** Opening Provided information block **

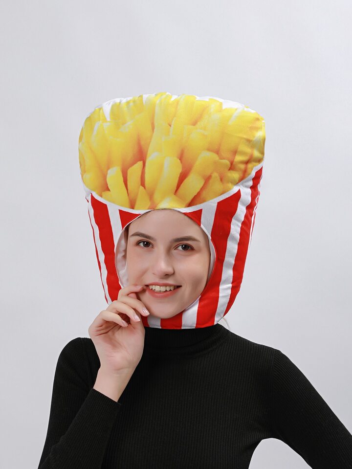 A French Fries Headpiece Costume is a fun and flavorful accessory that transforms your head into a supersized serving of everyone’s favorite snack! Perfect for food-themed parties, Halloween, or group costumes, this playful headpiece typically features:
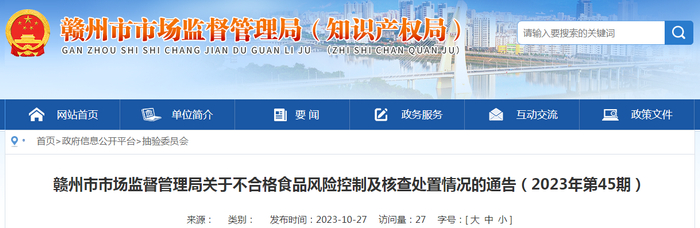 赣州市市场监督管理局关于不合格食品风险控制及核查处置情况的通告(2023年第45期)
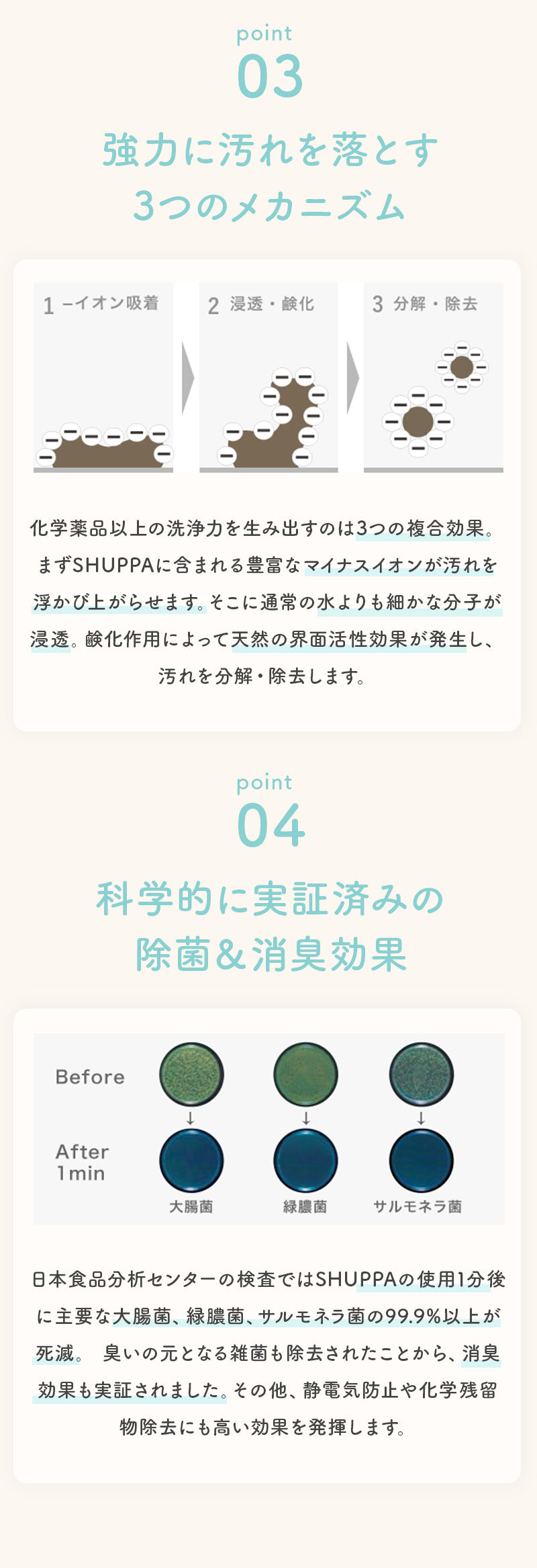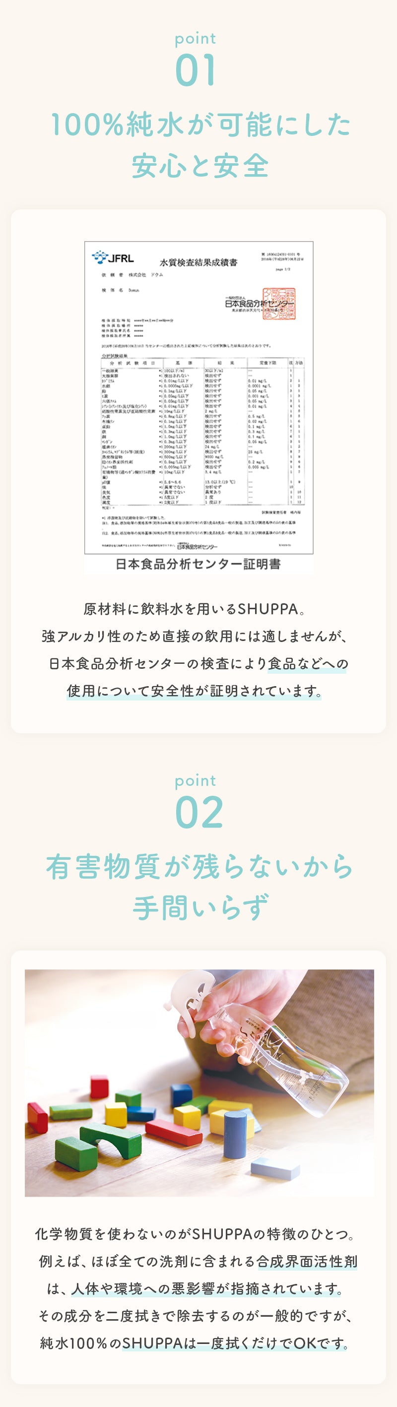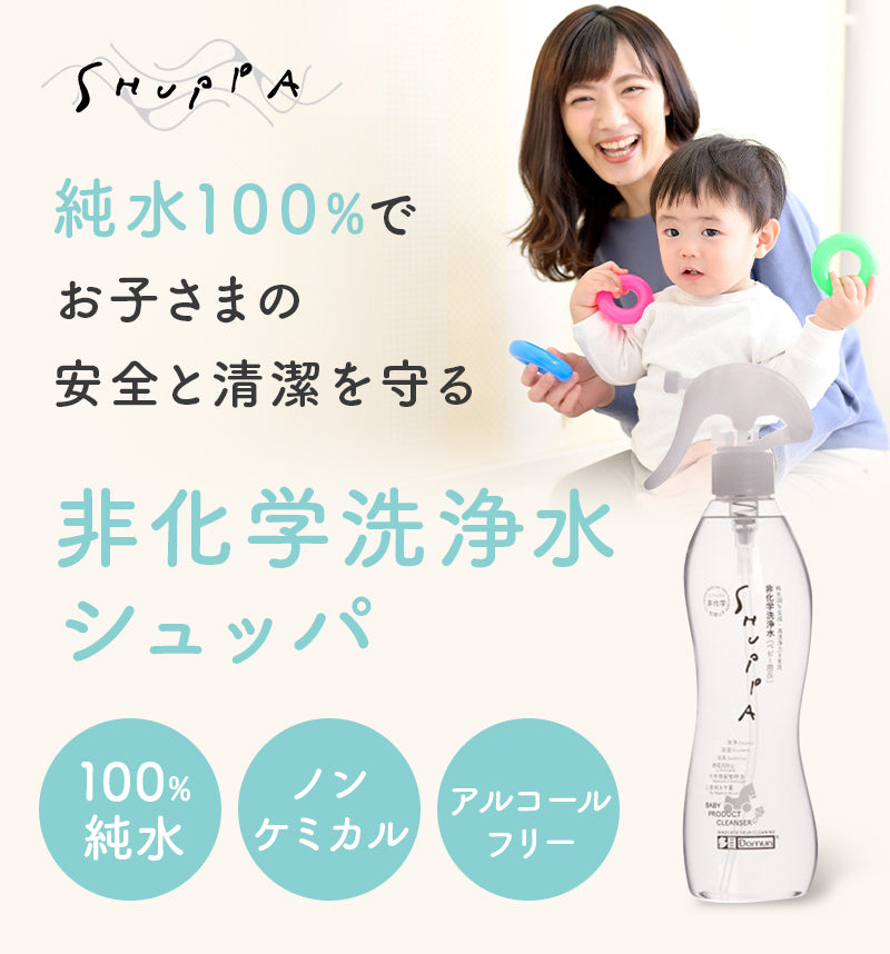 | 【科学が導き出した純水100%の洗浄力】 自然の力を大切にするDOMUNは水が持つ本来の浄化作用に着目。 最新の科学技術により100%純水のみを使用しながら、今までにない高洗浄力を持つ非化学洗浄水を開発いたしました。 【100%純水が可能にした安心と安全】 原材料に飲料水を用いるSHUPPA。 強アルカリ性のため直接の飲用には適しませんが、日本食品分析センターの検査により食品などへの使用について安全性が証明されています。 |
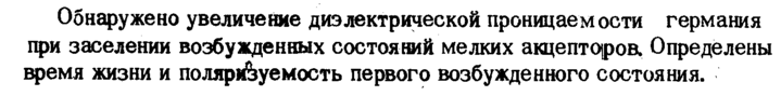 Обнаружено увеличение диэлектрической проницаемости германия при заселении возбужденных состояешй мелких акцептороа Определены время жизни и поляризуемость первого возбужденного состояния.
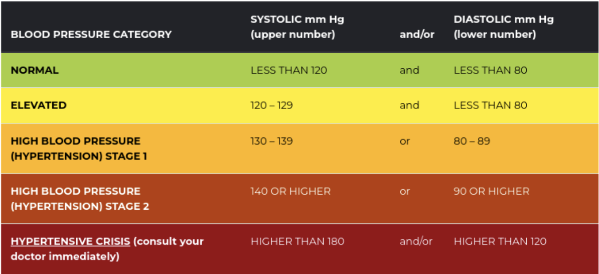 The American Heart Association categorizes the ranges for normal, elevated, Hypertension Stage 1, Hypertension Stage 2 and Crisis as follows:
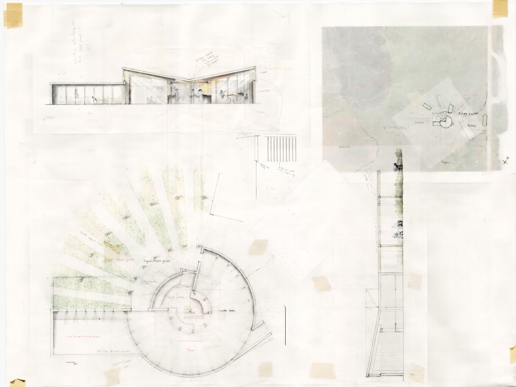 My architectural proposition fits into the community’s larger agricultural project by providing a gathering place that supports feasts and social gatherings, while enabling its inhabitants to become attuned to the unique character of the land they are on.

** Closing Provided information block **
** Opening Provided information block **

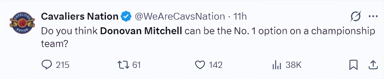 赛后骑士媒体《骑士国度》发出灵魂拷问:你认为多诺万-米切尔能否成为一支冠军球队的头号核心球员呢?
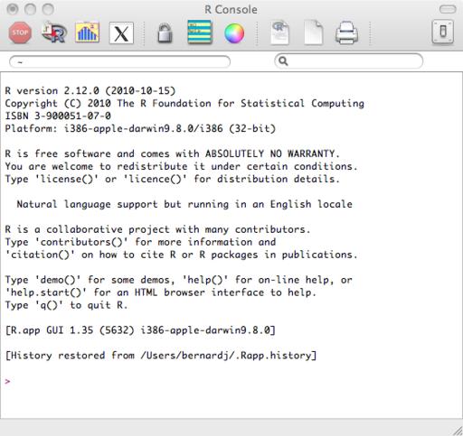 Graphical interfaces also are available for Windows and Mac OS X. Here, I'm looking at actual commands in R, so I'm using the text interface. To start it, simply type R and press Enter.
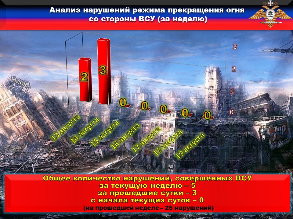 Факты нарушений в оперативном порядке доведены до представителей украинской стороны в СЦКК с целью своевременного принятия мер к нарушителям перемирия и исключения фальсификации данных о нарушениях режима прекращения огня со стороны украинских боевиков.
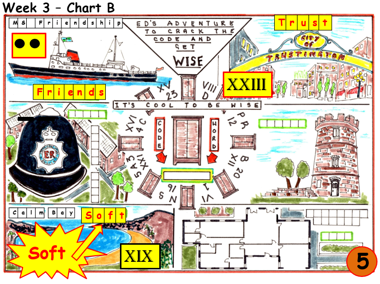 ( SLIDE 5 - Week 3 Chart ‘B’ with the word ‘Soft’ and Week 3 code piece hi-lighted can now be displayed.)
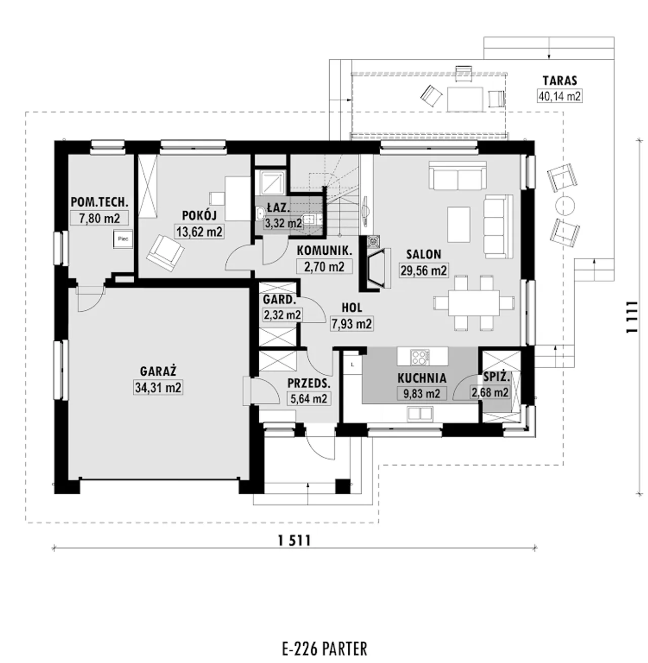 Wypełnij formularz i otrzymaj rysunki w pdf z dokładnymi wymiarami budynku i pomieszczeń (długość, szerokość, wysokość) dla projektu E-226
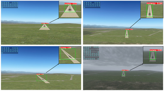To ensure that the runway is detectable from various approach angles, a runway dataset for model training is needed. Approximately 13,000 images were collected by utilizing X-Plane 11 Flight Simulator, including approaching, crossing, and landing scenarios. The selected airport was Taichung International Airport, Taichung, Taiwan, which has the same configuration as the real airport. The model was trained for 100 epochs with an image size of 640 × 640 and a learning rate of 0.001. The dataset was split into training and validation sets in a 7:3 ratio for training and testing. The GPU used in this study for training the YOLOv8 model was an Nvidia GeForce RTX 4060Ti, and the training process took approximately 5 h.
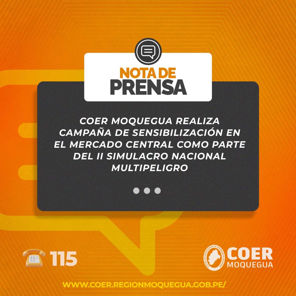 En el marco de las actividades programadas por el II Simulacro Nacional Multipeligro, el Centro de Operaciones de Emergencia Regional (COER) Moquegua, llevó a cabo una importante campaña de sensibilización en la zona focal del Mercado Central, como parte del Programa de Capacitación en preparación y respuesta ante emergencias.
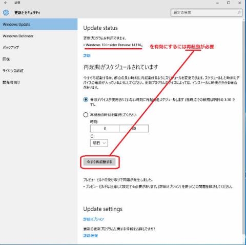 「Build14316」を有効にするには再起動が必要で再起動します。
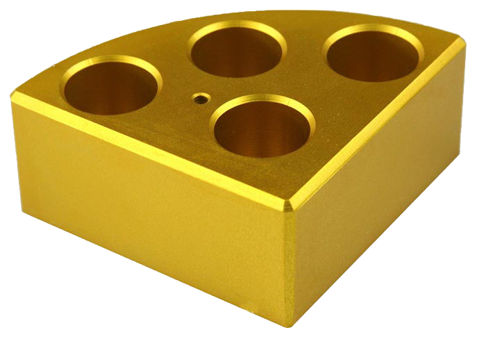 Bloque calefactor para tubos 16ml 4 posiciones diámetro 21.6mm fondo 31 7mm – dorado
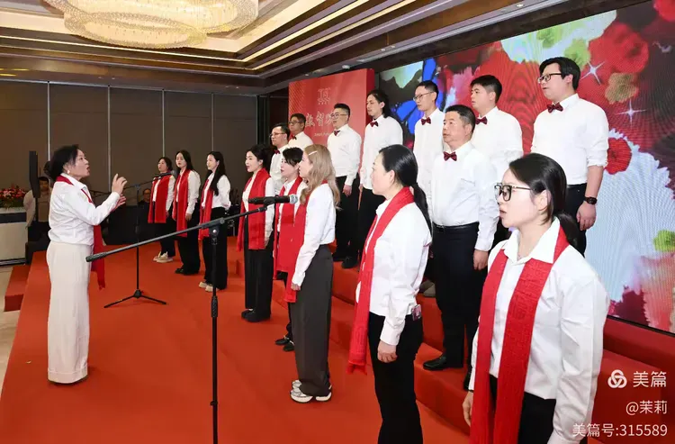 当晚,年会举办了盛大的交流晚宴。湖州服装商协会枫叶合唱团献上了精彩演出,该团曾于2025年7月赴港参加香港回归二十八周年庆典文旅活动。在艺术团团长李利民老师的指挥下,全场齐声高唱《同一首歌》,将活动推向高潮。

** Closing Provided information block **
** Opening Provided information block **

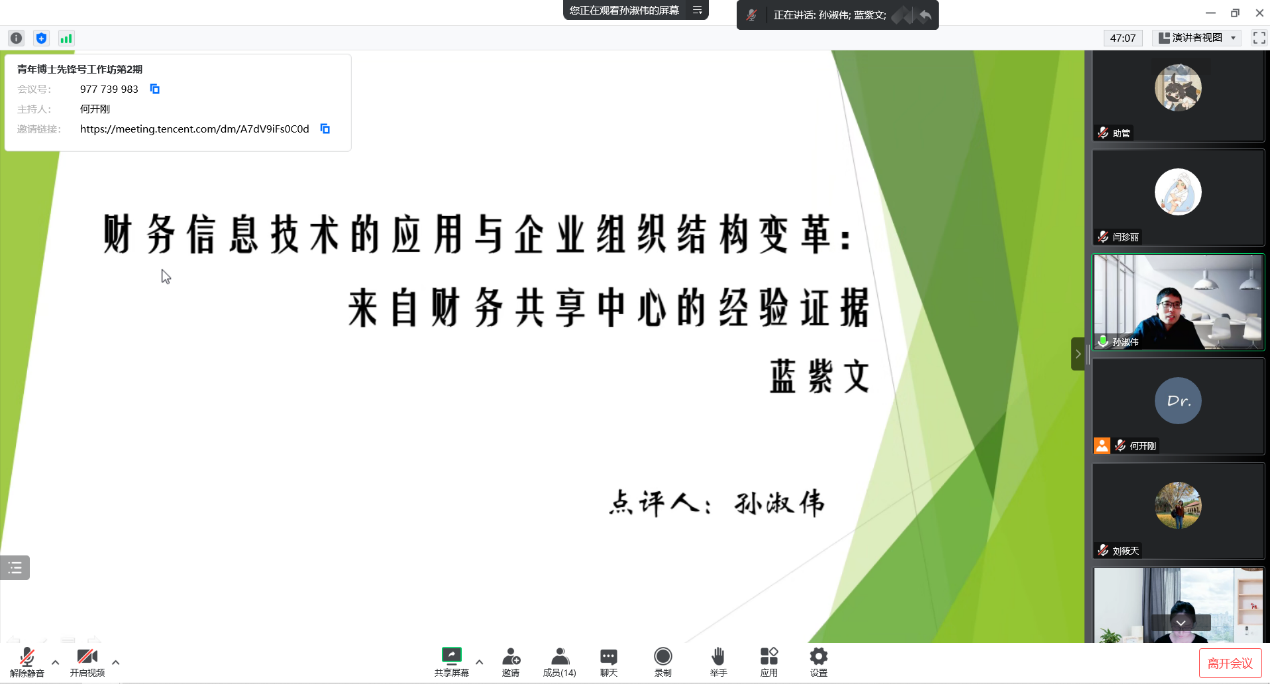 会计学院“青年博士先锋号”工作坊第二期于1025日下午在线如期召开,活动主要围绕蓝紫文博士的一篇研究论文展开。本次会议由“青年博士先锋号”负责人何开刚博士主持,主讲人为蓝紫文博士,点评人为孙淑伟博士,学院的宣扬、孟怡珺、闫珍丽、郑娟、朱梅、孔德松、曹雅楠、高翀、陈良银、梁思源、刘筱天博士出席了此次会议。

** Closing Provided information block **

» **What the task asks**: Beginning at the line above that contains "( SLIDE 5 - Week" and going on through the line that contains "Wypełnij formularz i", please copy every line exactly, leaving the pictures out and adding nothing.

» **Solution for this problem**:
 ( SLIDE 5 - Week 3 Chart ‘B’ with the word ‘Soft’ and Week 3 code piece hi-lighted can now be displayed.)
 Wypełnij formularz i otrzymaj rysunki w pdf z dokładnymi wymiarami budynku i pomieszczeń (długość, szerokość, wysokość) dla projektu E-226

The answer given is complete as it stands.